When a cell needs to make a particular protein, it needs to use the code stored in DNA for that protein - its gene.  But the gene on its chromosome is typically in a wrapped-up state, so the area of the gene needs to be uncoiled to allow access to the DNA.  Various enzymes are put to work, probably directed by gene-specific activators, to remodel the local chromatin and allow the gene to be copied over to Messenger RNA (mRNA), in the process called transcription.  

Once the DNA is accessible, an enzyme called RNA polymerase binds to a stretch of DNA "upstream" of the gene.  This stretch is called a promoter, and there are a couple of different types that are usually within 50 bases of the start point of the gene.  Other types of genetic "neighborhood" elements include initiation factors that complex to get transcription started, outlying boundary elements (also called insulators) and stimulating enhancers.

Promoters do a few jobs.  They are critical to getting the molecules together that will do the actual transcription.  They mark the starting point of transcription and orient molecules so transcription goes in the right direction.  They also respond to activators and repressors that a cell might produce to control the process.

Genes stretch from a START codon to a STOP codon on one of the two DNA strandsmRNA is made between these two codons.  The entire length from beginning to end is not necessarily all going to be used in the final protein, however.  Some pieces, called introns, get removed along the way, leaving exons to be integrated into the final product (sometimes the terms are counter-intuitive).  The processing of these pieces is often done by a type of enzyme made from RNA rather than protein - these are ribozymes.

The ability to splice pieces of genes together allows the production of different proteins from the same overall gene sequence, or combination of pieces from two different places.  This partly allows production of made-on-demand specialized proteins such as antibodies.






Once the messenger RNA is constructed from the gene strand, it needs to be processed through a cell structure called a ribosome, where the mRNA sequence will be translated into an amino acid sequence for the coded protein.  This is a molecular complex of various proteins and ribosomal RNAs (rRNA) and is found in both prokaryotes and eukaryotes.  In prokaryotes, ribosomes are in close proximity to chromosomes;  in eukaryotes, the chromosomes are in the cell nucleus, but the ribosomes are outside the nucleus, in the cytoplasm.   Recent research suggests that mRNAs may also sometimes have localization signals that cause them to be directed to those places in the cell where the coded proteins will be used.

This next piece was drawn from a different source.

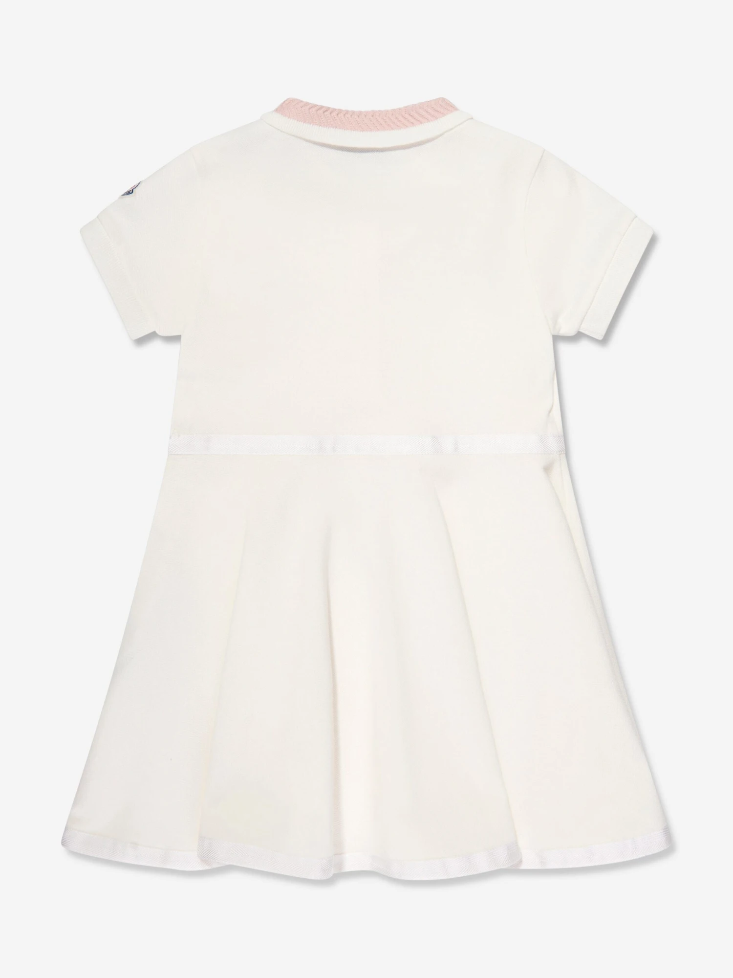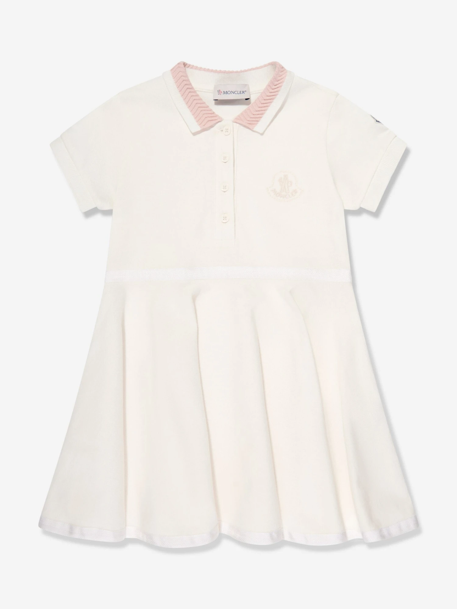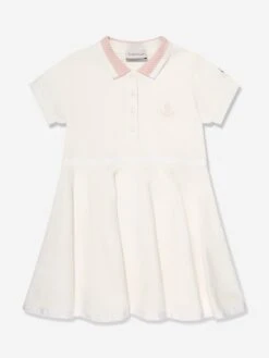 Moncler reincarnate outdoor wear into beautifully crafted abstracts reminiscent of the French Alps. This girls white polo dress captures the label’s passion for sleek, innovative designs. Made in ribbed cotton with front pearlescent buttons, a stitched intricate collar, a band on the waist and flared hem.

This description is going to be simplified;  for instance, it does not include the processing that often happens between chromosome and ribosome that modifies the original sequence.

Messenger RNA feeds through the ribosome where, one codon at a time, it cross links to molecules of transfer RNA (tRNA).  Each tRNA molecule has what is called an anticodon on one end and an amino acid on the other - there are as many tRNAs as there are codons, although the same amino acids can be on a few different tRNAs (this, remember, is part of genetic redundancy).  The code can be translated using a chart based upon the mRNA sequence - each codon is linked (literally, on the tRNA) to either a start ("initiator," but these may code for amino acids once the sequence has started), a stop ("terminator"), or an amino acid.  Notice how a single base change in a codon really wont necessarily change the amino acid being coded for.  Recent studies have indicated that redundant codons may be expressed at very different rates, and how fast proteins get made can have a huge effect on the chemistry using those proteins.

Once the protein begins to emerge from the ribosome, chaperonins help it to fold properly. The protein may not be immediately active - it may be inhibited, which will be covered in the next section, or sometimes prosthetic groups will need to be attached later for it to work.  These are often non-protein molecules containing minerals.  Many cellular proteins have several domainsor zones within the molecule that have some sort of activity.  Early after production, a domain may be linked to cellular transportation machinery and moved to where it will be active.




Virtually any change in an organisms genetic material can be called a mutation.  This can be small, a single change in a single base, called a point mutation (because it happens at a particular point along the sequence), or as large as losses or additions of entire sets of chromosomes.

There are a few different types of point mutations.  A substitution is a switch from one base to another.  In non-coding regions, it is assumed that these have little effect, but some non-coding regions are better conserved (meaning that there are few changes across a broad spectrum of different organisms) than even gene sequences.  No one knows why evolution has preserved these stretches, but it seems that whatever theyre doing, it must be important right down to the details of the base sequence.  Bases can also be added to the sequence, an insertion, or lost, a deletion.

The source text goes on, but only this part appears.